[Records from a collection]
- Opening Delimiter -

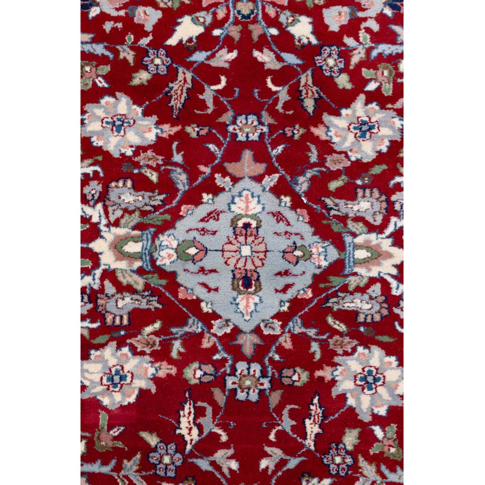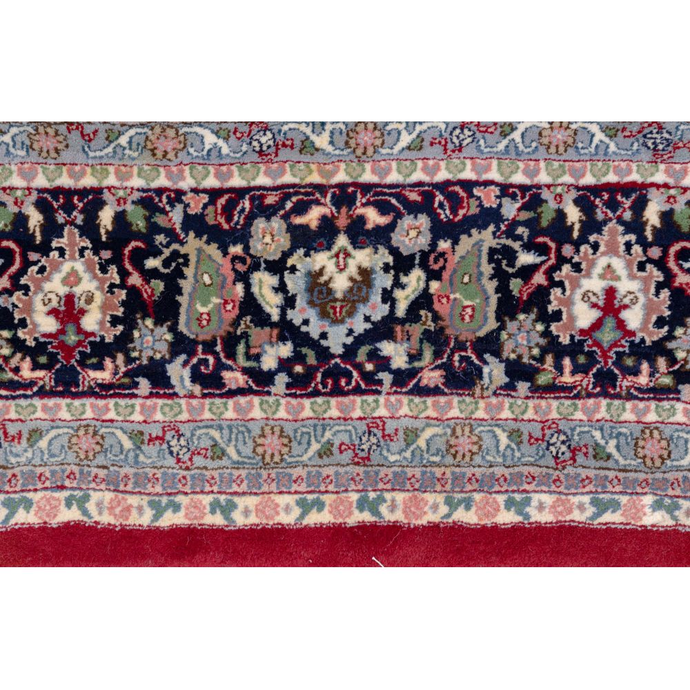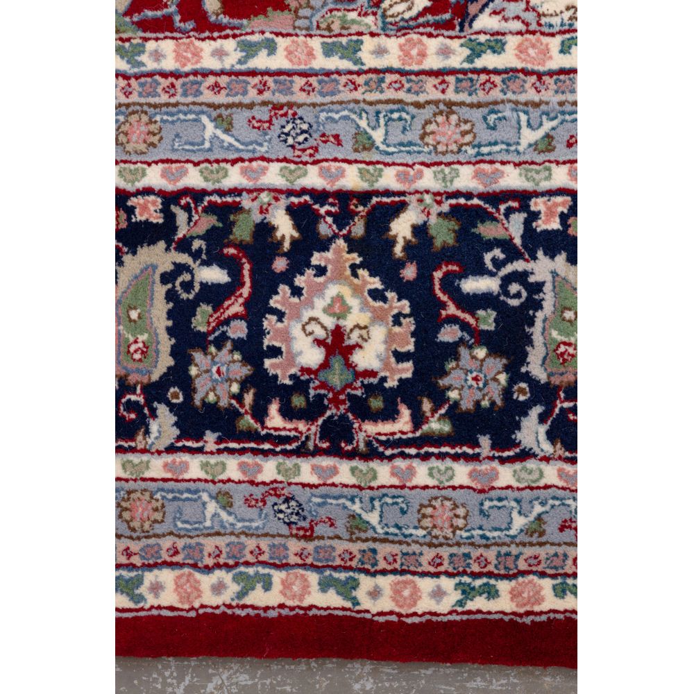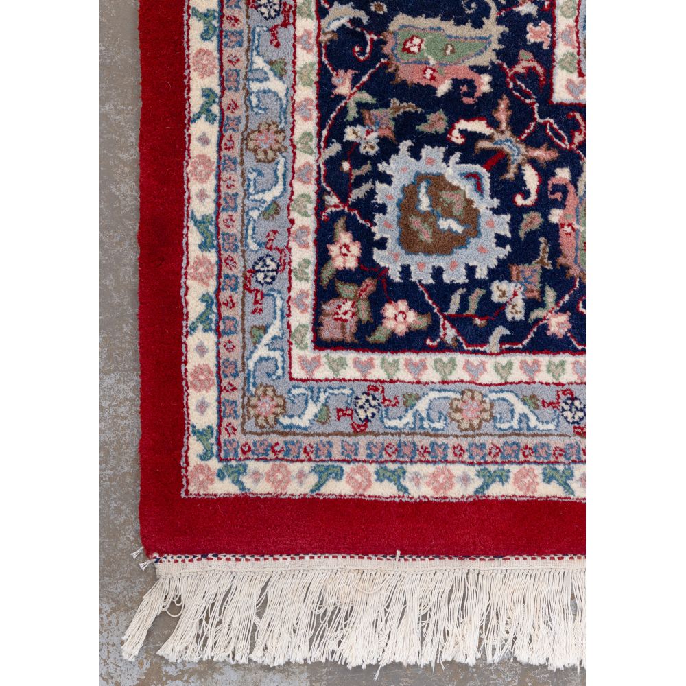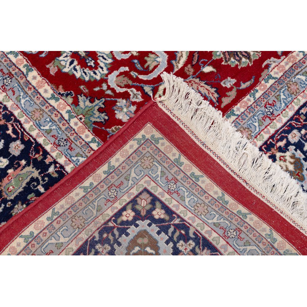 Palatial size in the Isfahan style, having an abstract floral and geometric motif in hues of green, blue, tan and mauve on a red field, original tag
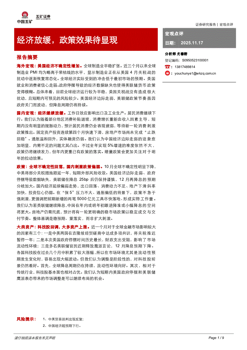 五矿证券-宏观点评:经济放缓,政策效果待显现-251117
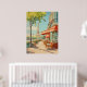 En charmerande gatukafé i Paris med rasstolar och röda varningar, mot ett tydligt blå himmel och en häpnadsväckande syn på Eiffel Torn. Lush Grey och blommor slutför den här idylliska scenen, perfekt för älskare av vintage resor art.
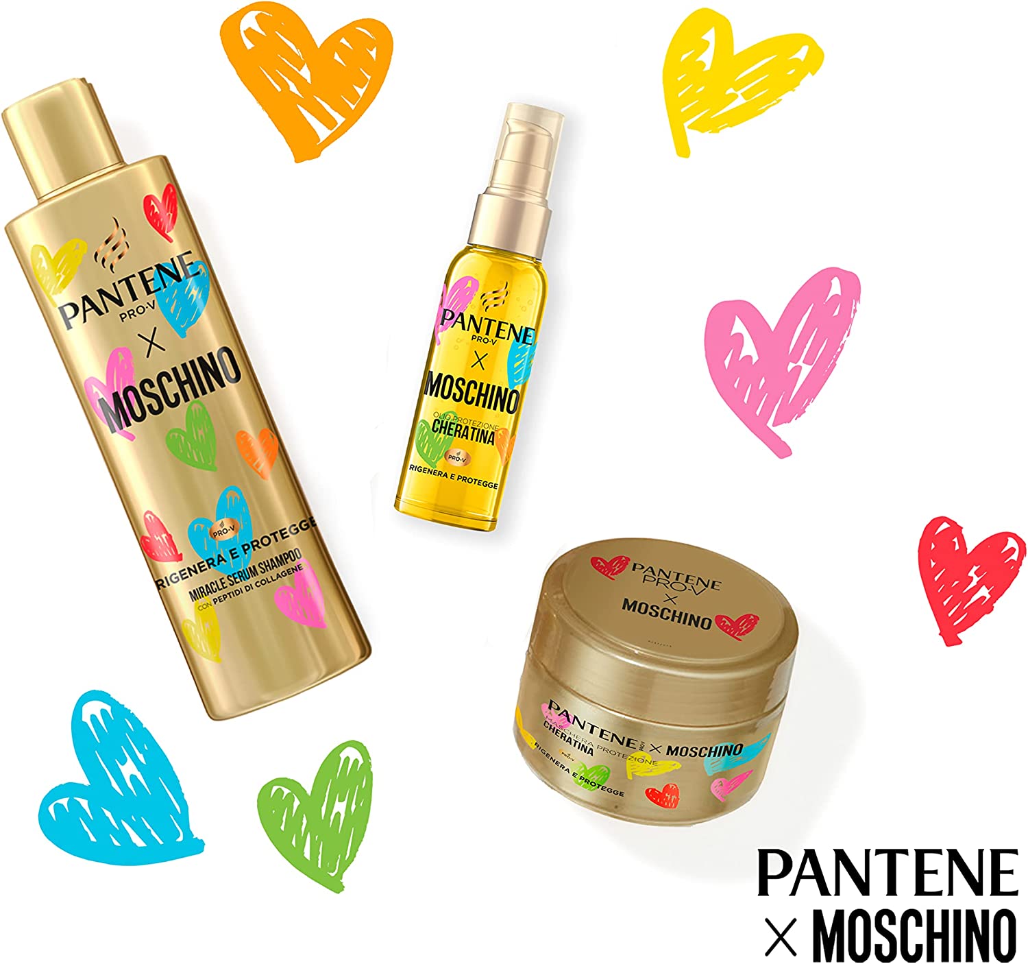 Edizione Limitata Pantete per Moschino per capelli 3X più forti. Lo shampoo Pantene Pro-V Rigenera & Protegge deterge delicatamente nutrendo i capelli grazie alle sostanze attive Pro-V. La maschera protezione cheratina ripara all’ istante i segni dei danni quali la rottura e la perdita di morbidezza e l'Olio capelli nutriente quotidiano, che aiuta a riparare i danni in 1 solo uso, rendendo i capelli 10 volte più resistenti alla rottura, e ne migliora la lucentezza. (danni da styling rispetto al solo shampoo senza agenti condizionanti).
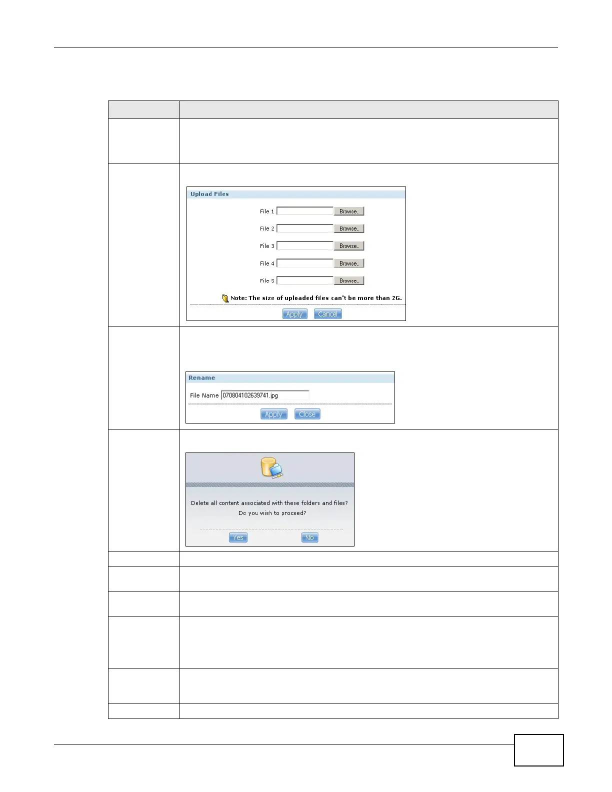 Delete Select a file/folder from the list and click this to open a warning screen. Click Yes to delete
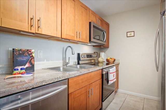 Great location, right in the heart of Historic Kailua Kona Village! Within walking distance to shops, beaches, dining, and more. Recently updated condo with garden and peekaboo ocean views. Full kitchen and bath renovation with new soft close wood cabinets, popcorn ceilings removed, tub shower with tile. Granite countertops and newer stainless steel appliances. Tiled floor throughout condo. Remodeled bathroom with tumbled rock flooring and tiled backsplash. Newer, full-load stacked washer and dryer. HOA's fees includes all utilities except for TV. This includes water, trash, common area maintenance, etc. Electric bill is much lower due to PV system, and billed through your dues. Wall AC units to keep the unit cool when needed! Relax on your back lanai to enjoy your early morning coffees, just to enjoy our beautiful sunset skies. Very close, large parking stall with easy access to your unit!Kalanikai is in a great location, close to major shopping stores such as Safeway, Walmart, and Target. Also within walking distance of oceanfront dining, shops, beaches, and Kailua Pier. Enjoy all sorts of activities, such as outrigger canoe paddling, snorkeling, manta ray dives, Glass Bottom Boat tours, and more!

- Closing Delimiter -

Work required: Write out exactly, and nothing more than, the lines of the entries above from the line containing "Delete Select a" through the final line; omit any pictures.

Expected answer:
 Delete Select a file/folder from the list and click this to open a warning screen. Click Yes to delete
 Great location, right in the heart of Historic Kailua Kona Village! Within walking distance to shops, beaches, dining, and more. Recently updated condo with garden and peekaboo ocean views. Full kitchen and bath renovation with new soft close wood cabinets, popcorn ceilings removed, tub shower with tile. Granite countertops and newer stainless steel appliances. Tiled floor throughout condo. Remodeled bathroom with tumbled rock flooring and tiled backsplash. Newer, full-load stacked washer and dryer. HOA's fees includes all utilities except for TV. This includes water, trash, common area maintenance, etc. Electric bill is much lower due to PV system, and billed through your dues. Wall AC units to keep the unit cool when needed! Relax on your back lanai to enjoy your early morning coffees, just to enjoy our beautiful sunset skies. Very close, large parking stall with easy access to your unit!Kalanikai is in a great location, close to major shopping stores such as Safeway, Walmart, and Target. Also within walking distance of oceanfront dining, shops, beaches, and Kailua Pier. Enjoy all sorts of activities, such as outrigger canoe paddling, snorkeling, manta ray dives, Glass Bottom Boat tours, and more!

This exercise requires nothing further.